Patients in the combination group received oral baricitinib tablets (2 mg twice a day; LillydelCaribe, United States) with NB-UVB light therapy (Shanghai SIGMA Hi-tech). Patients in the control group were administered oral methylprednisolone tablets (0.5 mg/kg per week on two consecutive days; Medrol^®, Pfizer Pharmaceuticals, Localita Marino del Tronto, Italy) combined with NB-UVB therapy.¹⁸

The phototherapy protocols were identical in both groups. NB-UVB was administered three times per week according to the recommendation of the Vitiligo Working Group consensus guidelines.¹⁹ The initial dose of NB-UVB was 200 mJ/cm², with subsequent adjustment increases by 10% to 20%, the maximum dose did not exceed a ceiling of 3000 mJ /cm². During the course of treatment, NB-UVB was paused whenever symptomatic erythema appeared and resumed once the erythema subsided, with the dose adjusted to a tolerable level for patients.

Treatment Assessment

We obtained patient baseline data from clinical records. The severity of vitiligo was assessed using vitiligo area scoring index (VASI) scores calculated by multiplying the depigmentation area in hand units (set at 1% per unit) by the extent of depigmentation within each hand unit-measured patch, the sum of the VASI scores of all regions determined the overall VASI score.²⁰ The improvement of lesions was graded as mild (<25%), moderate (25%–50%), good (51%–75%), or excellent (76%–100%). We defined overall response rates (ORRs) as the total percentage of patients who achieved good and excellent level responses. We conducted efficacy analyses monthly during the 6-month treatment period.
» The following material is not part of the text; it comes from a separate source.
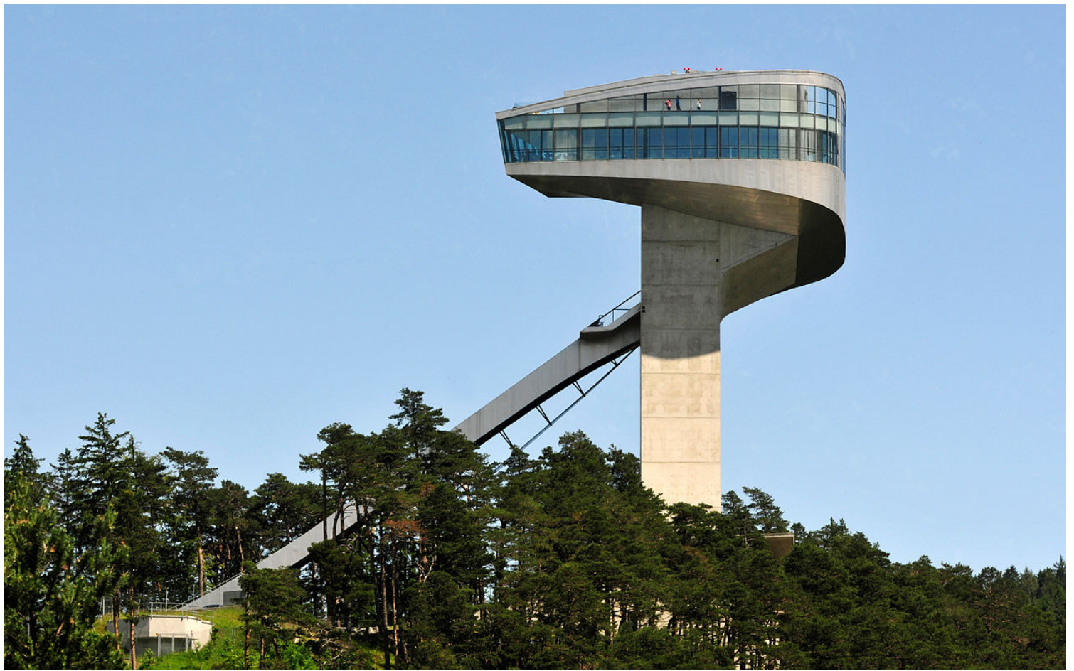
Bergisel Ski Jump (Innsbruck, Αυστρία, 2002)

Όλες οι αρχιτεκτονικές της συνθέσεις είναι ένας χείμαρρος κίνησης, ο οποίος γεφυρώνει όλες τις ετερόκλητες επιφάνειες και όγκους μέσω μιας αλληλουχίας αλληπάλληλων σημείων, ενώ οι έννοιες της στάσης και της κίνησης είναι ρέουσες. Ένα ακόμα στοιχείο της δουλειάς της είναι η συνεχής ροή , που σχετίζεται με την ομαλή λειτουργία των επιμέρους χώρων και στοιχείων των έργων της. Το θέμα της ροής, όμως, δεν συνδέεται μόνο με τη σύνθεση, αλλά και με την επαρκή παρουσία του αέρα, του φωτός και του νερού σε αυτά. Η Hadid, μέσω της εξερεύνησης των δυνατοτήτων της κίνησης και της ροής, προσπάθησε να «σπάσει» τα στατικά σχήματα και να τα ερμηνεύσει υπό ένα διαφορετικό πρίσμα.
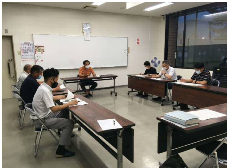
令和3年6月18日実施 総会(役員会)

Laboratory testing included complete blood counts, serum levels of IFN-γ and CXCL10, liver and kidney function tests, blood glucose and lipid measurements were taken prior to initiating treatments and during each follow-up. Adverse events (AEs) were reported by patients throughout the treatment.

Statistical Analysis

Data analysis was performed using IBM SPSS software version 26 (SPSS Inc, Chicago, IL, USA). Graphs were made using GraphPad Prism 9.5 (GraphPad Software, San Diego, CA). According to the characteristics of research samples, classified variables are expressed as quantity and percentage, and numerical variables are expressed as mean ± standard deviation. The chi-square test was used for qualitative variables. Mann–Whitney U-test was used for quantitative variables. Spearman correlation is used to test the correlation between the degree of improvement and the baseline data. We considered P values lower than 0.05 as representing statistically significant differences.

Results

Table 1 shows the baseline characteristics of the patients in the two groups. All patients had active NSV with skin types III–IV, the mean ages were 25.23 years (SD 7.95, ranging from 18 to 59 years) in the combination group and 26.78 years (SD 9.01, 18 to 61 years) in the control group. The mean disease durations were 2.94 years (SD 3.55, 0.1 to 15 years) in the combination group and 2.58 years (SD 3.08, 0.2 to 12 years) in the control group. The baseline data on gender, age, disease durations, skin types, and VASI scores were no significant differences between the two groups.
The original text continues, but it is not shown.